For this exercise, copy exactly the lines below from the one with "电动车头盔女3C四季通用冬季保暖男士半盔可拆围脖护耳可拆安全帽" through the one with "File photo shows" and leave out the pictures.

Extracted data entries:
━━━━━━━━━━━━━━━━

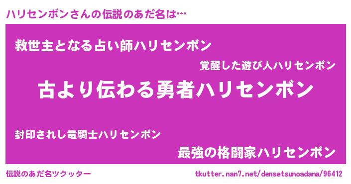 | 胡散臭い通販商品みたいなあだ名 | 『来世でも幸せになれる水素水…その名も「ハリセンボン」』 |
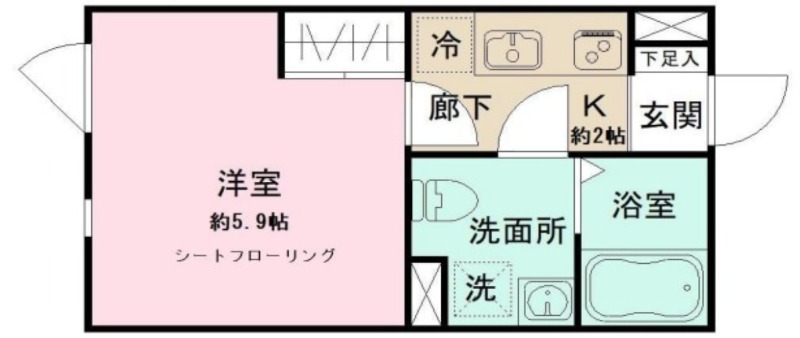 洋室 5.9畳 、 K 畳
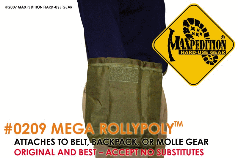 Also the main closure is by non-elastic cord and cordlocks rather than shockcord. With this size you can get into bigger items such as gas masks, but in general works great for anything of large size yet minimal weight. For the civi side these work great for groceries. Back to more MIL uses, also works great as a prisoner hood. In that use the cordura perhaps is not the most breathable material, but I think you get the idea. Currently available in OD, Khaki, Black, ACU. Malice clips not included. Check out the animated gif link for a quick foldup demo.
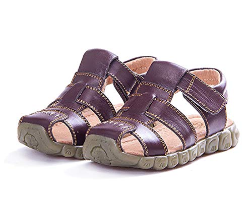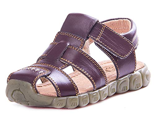 CELANDA Sandali a Punta Chiusa per Bambini e Ragazzi Ragazze Cuoio Morbida Estivi Scarpe da Spiaggia Sandali Sportivi Durevoli Marrone Taglia: 22 EU
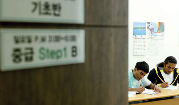 | ÇØ°íµÈ ±Ù·ÎÀÚµéÀÌ ½°ÅÍ¿¡ ¸Ó¹«´Â µ¿¾È Çѱ¹¾î ±³À°À» ¹Þ°í ÀÖ´Ù. |
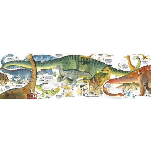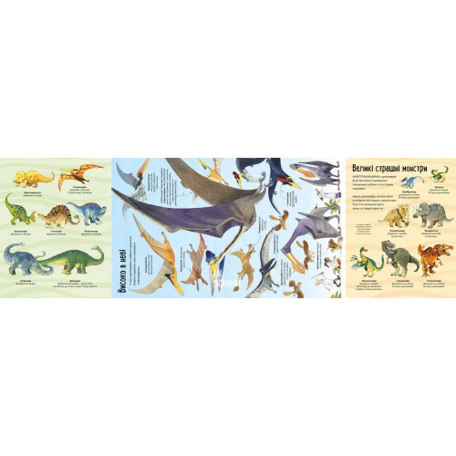Видавництво "ARTBOOKS" Велика книга динозаврів., Фабіано Фіорін 978-617-7688-65-4 Нумо знайомитись зі світом прадавніх створінь! Ти зможеш усе гарненько роздивитися завдяки 4 велетенським розгорткам.Динозаври були найбільшими з живих істот, що ходили по нашій планеті. Хтось був завдовжки із цілий басейн, а в когось лише самі крила були вищими за двоповерховий автобус. Відкрий розгортки і знайходь там найдовших, найважчих та найстрашніших з усіх створінь — від могутнього брахіозавра до страхітливого тиранозавра.
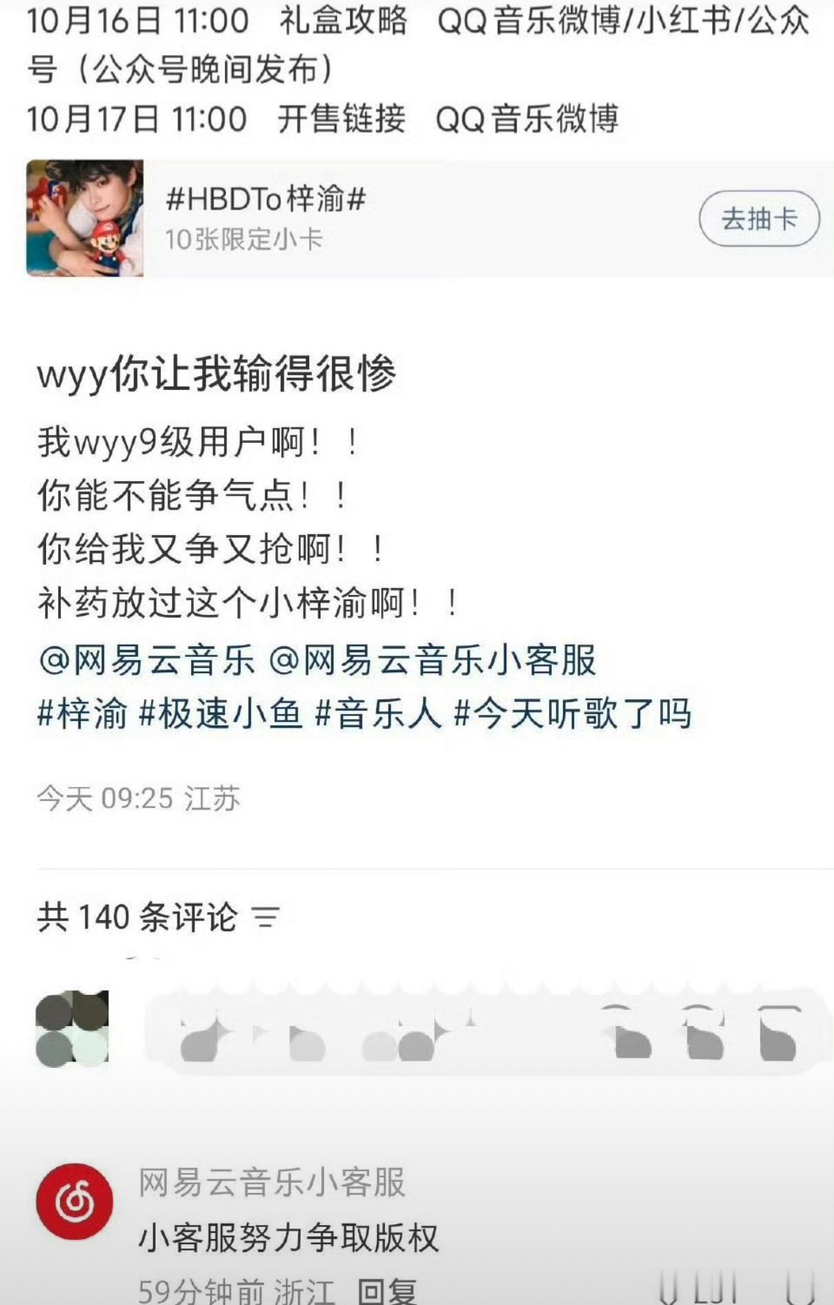 结果网易云那边也要争取梓渝的版权哈哈哈哈
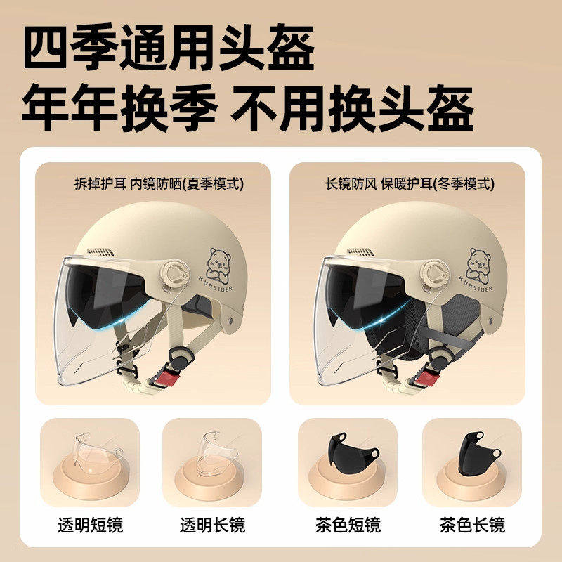 电动车头盔女3C四季通用冬季保暖男士半盔可拆围脖护耳可拆安全帽
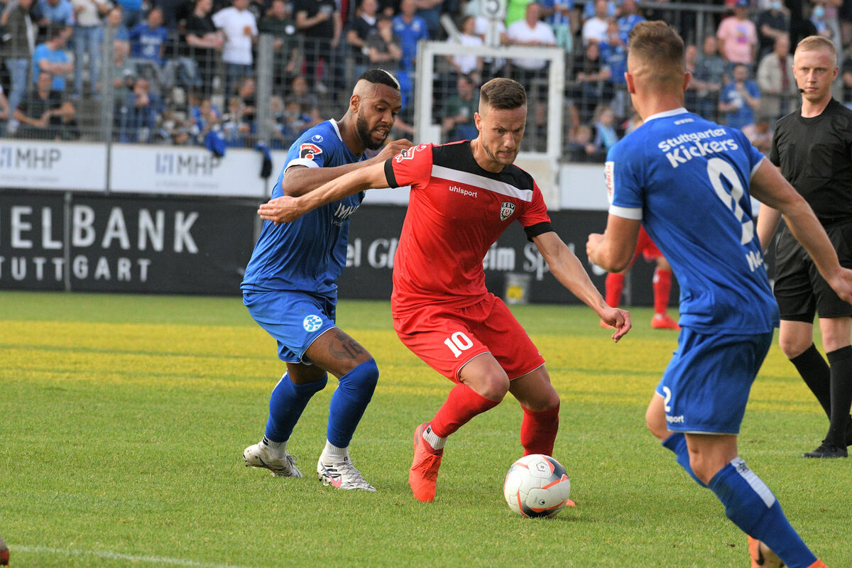 Luca Wöhrle (Mitte) vom SSV Reutlingen im Spiel gegen die Stuttgarter Kickers.
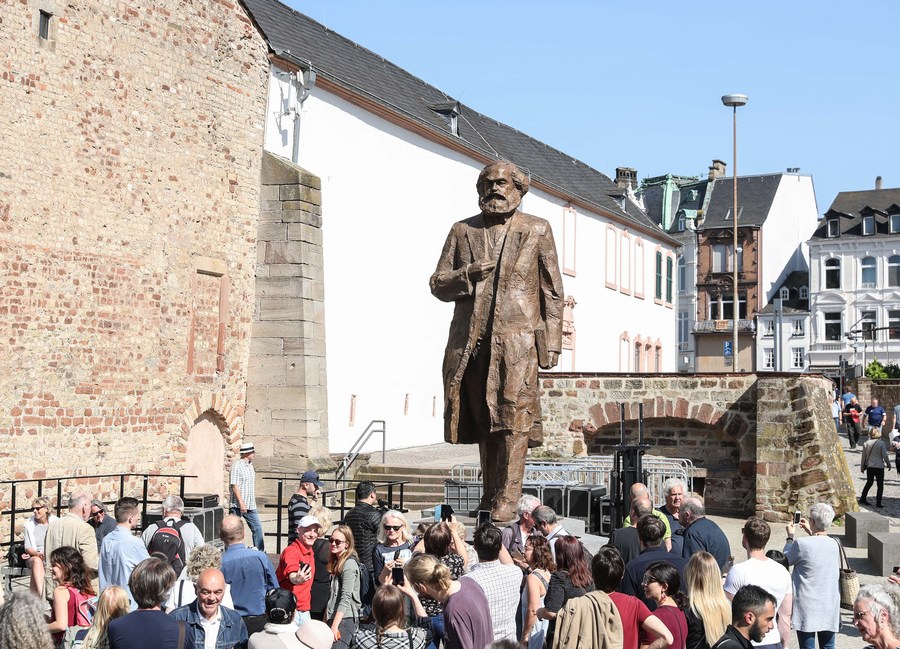 File photo shows visitors gather in front of the Karl Marx statue in Trier, Germany. (Photo/Xinhua)
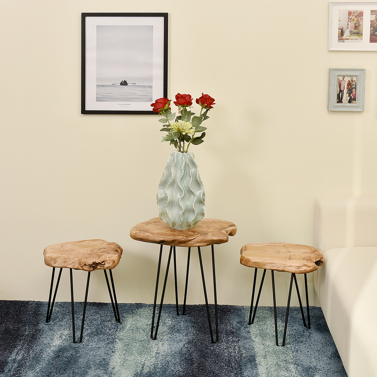 Mit diesem Beistelltisch erhalten Naturliebhaber die ideale Ablagefläche. Die Tischplatte besteht aus natürlichem Holz, welches mit Klarlack überzogen ist, um eventuelles Splittern zu vermeiden. Integrieren Sie das Möbelstück in rustikale oder klassische Einrichtungen oder in den angesagten Landhausstil und holen Sie sich ein Stück Natur in Ihr Zuhause. Durch die leicht seitlich abgespreizten Metallbeine hat das Tischchen einen stabilen Stand. Die Tischbeine bilden dabei einen tollen Kontrast zu dem Naturholz. Schaffen Sie in Verbindung mit kuscheligen Teppichen oder metallischen Lampen ein uriges Ambiente. Mit Dekoration aus Holz greifen Sie das Material des Tisches erneut auf und schaffen ein harmonisches Gesamtbild. Mit diesem Beistelltisch erhalten Sie ein individuelles Naturprodukt. Es kann in Form und Abmessungen zu Abweichung kommen, sodass es Ihren neuen Tisch kein zweites Mal in gleicher Form gibt. Der Tisch kann in seiner tatsächlichen Farbgebung von den Bildern abweichen. Eine regelmäßige Reinigung mit einem feuchten Tuch wird empfohlen.
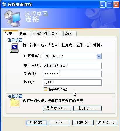 完成了客户端软件的安装后,运行“远程桌面连接”程序(图4),在“计算机”栏中填写终端服务器的IP地址,如“192.168.0.1”,在“用户名”和“密码”栏中填写用户名和密码(注意:这里填写的是在Windows Server 2003服务器上局域网管理员为你设置的账号,并不是本地客户机的用户名和密码),然后点击“连接”按钮,就可以远程登录终端服务器了。
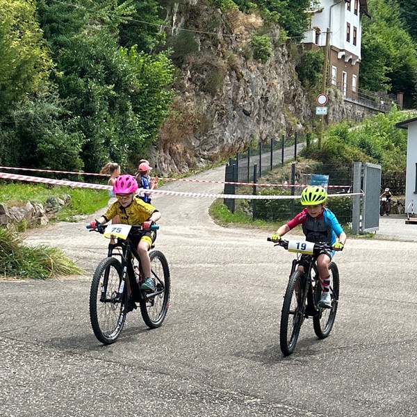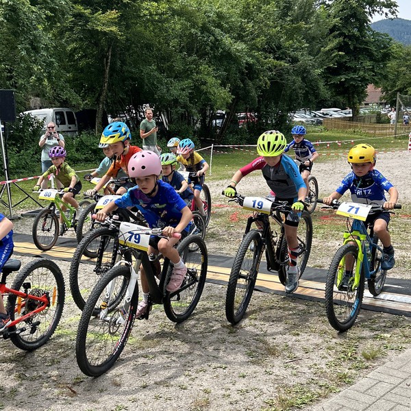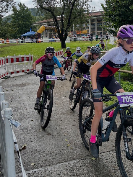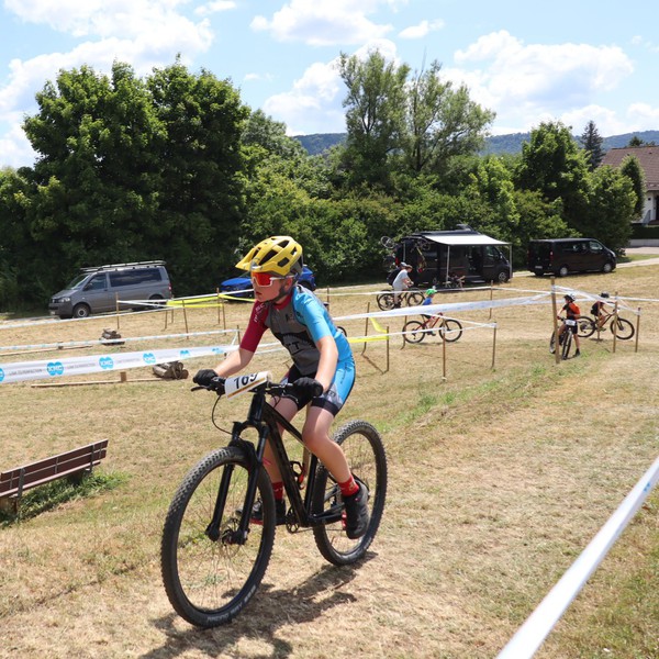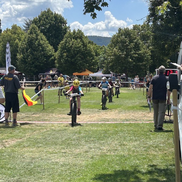 Vom 21.7. bis 23.7. wurde auf der Weltcupstrecke im Albstädter Bullentäle wieder großer MTB-Rennsport gezeigt. Während die Erwachsenen bei den deutschen Meisterschaften im Short Race, auf der olympischen XC-Distanz und in der Disziplin E-MTB um die Meistertitel kämpften, konnte auch der Nachwuchs bei der Nachwuchssichtung und den Läufen im Alb-Gold-Juniors-Cup seine Leistungsfähigkeit beweisen. Und Kraft und Ausdauer waren in Albstadt gefordert. Bei den U15m ging es z.B. über 3 große Runden, insgesamt waren das 9 km und rund 500 hm. Für die U11m waren 3 Runden mit knapp 4,5 km und 160 hm angesagt, bei der U11w 2 Runden mit 3 km und 110 hm. Die U9w mussten 2 Runden à 550 m und 12 hm absolvieren und unser jüngster Fahrer trat 800 m mit 20 hm in die Pedale. Aufgrund der Nachwuchssichtung waren auch die Teilnehmerzahlen in den Gruppen zum Teil deutlich größer als gewohnt und die Gegner schwerer einzuschätzen, da diese aus der gesamten Republik anreisten. Die Ergebnisse im Überblick:

━━━━━━━━━━━━━━━━

### SOLVED EXERCISE
 电动车头盔女3C四季通用冬季保暖男士半盔可拆围脖护耳可拆安全帽
 Luca Wöhrle (Mitte) vom SSV Reutlingen im Spiel gegen die Stuttgarter Kickers.
 File photo shows visitors gather in front of the Karl Marx statue in Trier, Germany. (Photo/Xinhua)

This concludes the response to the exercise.